Below is the output of this fucniton before it breaks to derefence the pointer.

Output Format : Value@Address

0x100@0x5fbff408 == 0x5fbff408
0x101@0x5fbff410 == 0x5fbff410
0x102@0x5fbff418 == 0x5fbff418
0x103@0x5fbff420 == 0x5fbff420
0x104@0x5fbff428 == 0x5fbff428

As we can see in above output that array values are filled correctly and a_ptr is pointing to correct addresses (&ary[i] == (a_ptr + i)).

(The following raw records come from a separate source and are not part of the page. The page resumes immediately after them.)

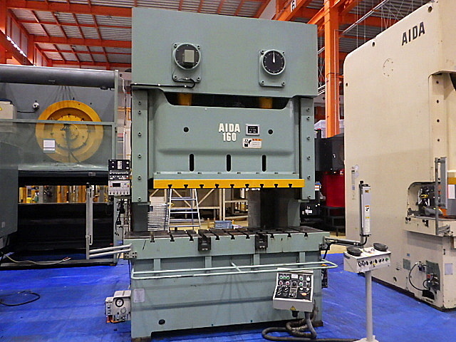C型プレス | アイダ | NC2-160(1) | 1999 | 160t ストローク長さ130 ストローク数40-85 ダイハイト380 スライド調節量100 スライド寸法1500×580 ボルスター寸法2040×600 光安付 | 埼玉県(マシンプラザ本庄) | |
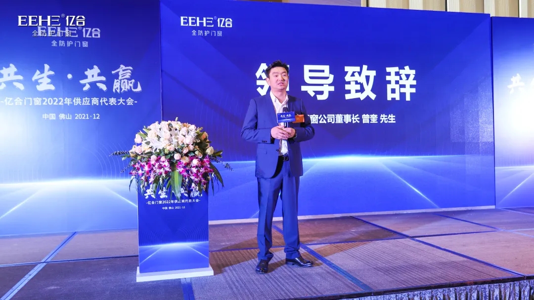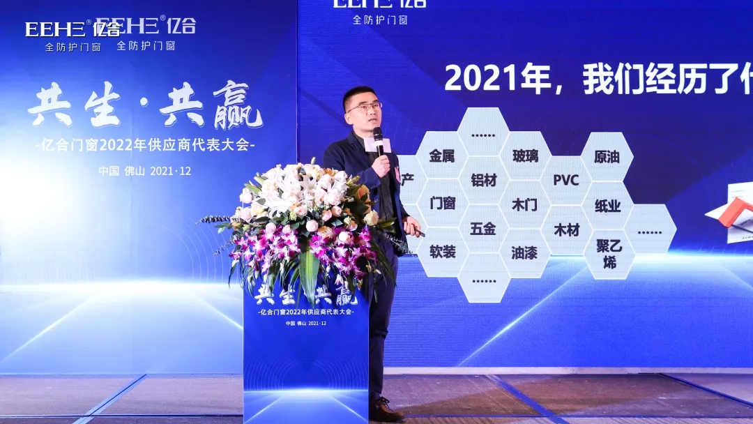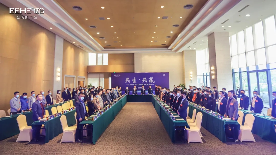 億合門窗董事長曾奎,總經(jīng)理胡超,副總郭遠(yuǎn)志、甘孝東等公司領(lǐng)導(dǎo)同100余位供應(yīng)商代表共同出席大會(huì)。
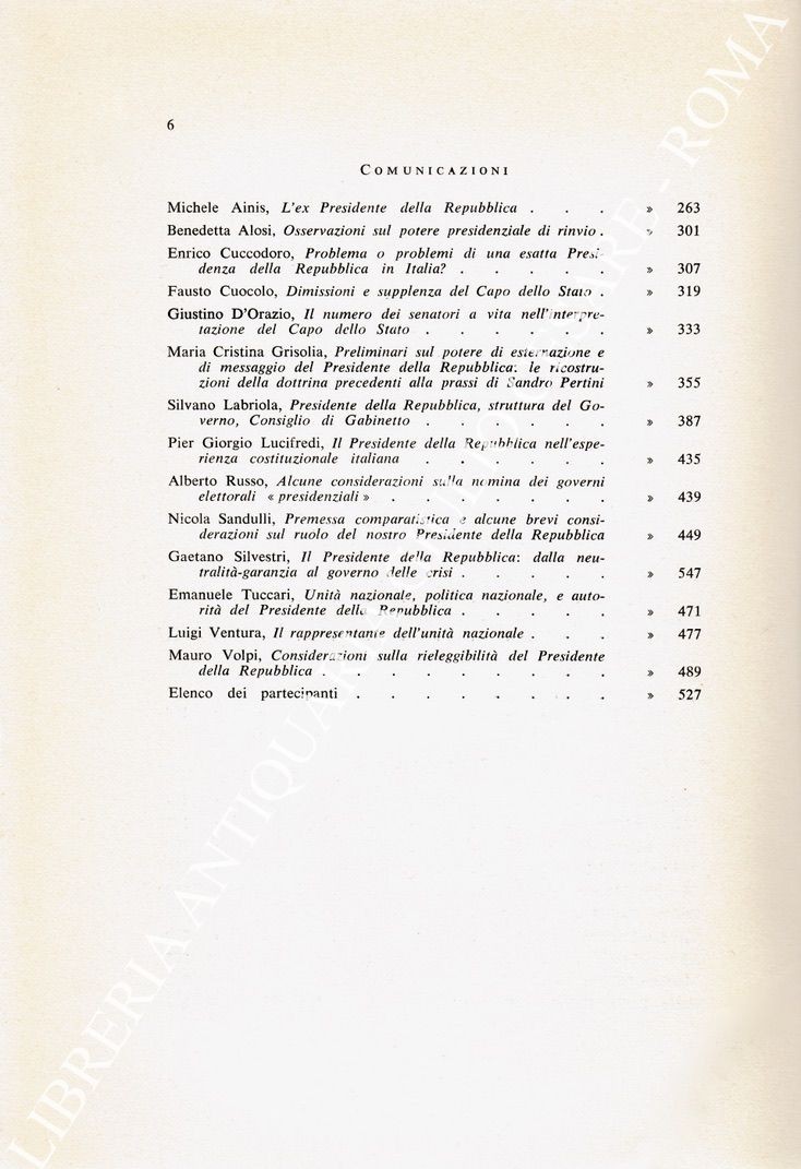 Scritti di: Ainis, Aloisi, Armaroli, Baldassarre, Bardusco, Barile, Capotosti, Carlassare, Cheli, Cuccodoro, Cuocolo, D'Onofrio, D'Orazio, Galeotti, Grisolia, Labriola, Lucifredi, Manzari, Martines, Mezzanotte, Rodotà , Rossano, Russo, Sandulli N., Silvestri, Tosi, Tuccari, Ventura, Villone, Volpi.
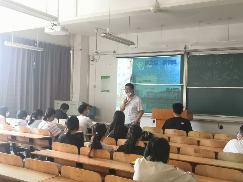 新闻中心讯(记者 张帆)为帮助bat365平台官网电子商务学院学子认清当前严峻的考研形式,调动学生们的考研积极性,建立考研必胜的决心,我校于2021年9月24日下午3点整在综合楼204 召开2022年考研动员大会,在此次会议中学院副院长万辉、书记杨睿以及21届信管专业优秀毕业生宋楚楚同学出席活动并作动员讲话。
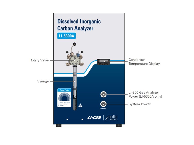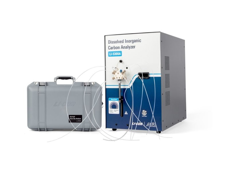 Cada analisador de DIC inclui um analisador de gases secundário obrigatório. O analisador de gases traço CO₂/H₂O LI-7815 é ideal para medições precisas em água do mar. O analisador de DIC e o analisador de gases trabalham em conjunto para medir com exatidão o DIC em uma amostra de água. O analisador de DIC é composto por uma bomba de seringa Tecan XLP6000, um sistema de válvula de 12 portas, um condensador Peltier, um controlador de vazão mássica e um computador com software proprietário para aquisição e análise de dados.

But when the pointer is deference then it breaks there. Even using the [] operators does the same.

*(a_ptr + i); //Breaks
a_ptr[i]; //Breaks as well

However, (a_ptr + i) points to the right address.

Thanks,

Answer 1

char **a_ptr = &ary; - this makes no sense. char** a_ptr is a pointer to a pointer. What you need is a pointer to an array. The following will do:

char (*a_ptr)[8] = ary; // also don't take the address of the array

If you're trying to print the pointer address, printf has a format for this %p. Replace your 0x%xs with %p.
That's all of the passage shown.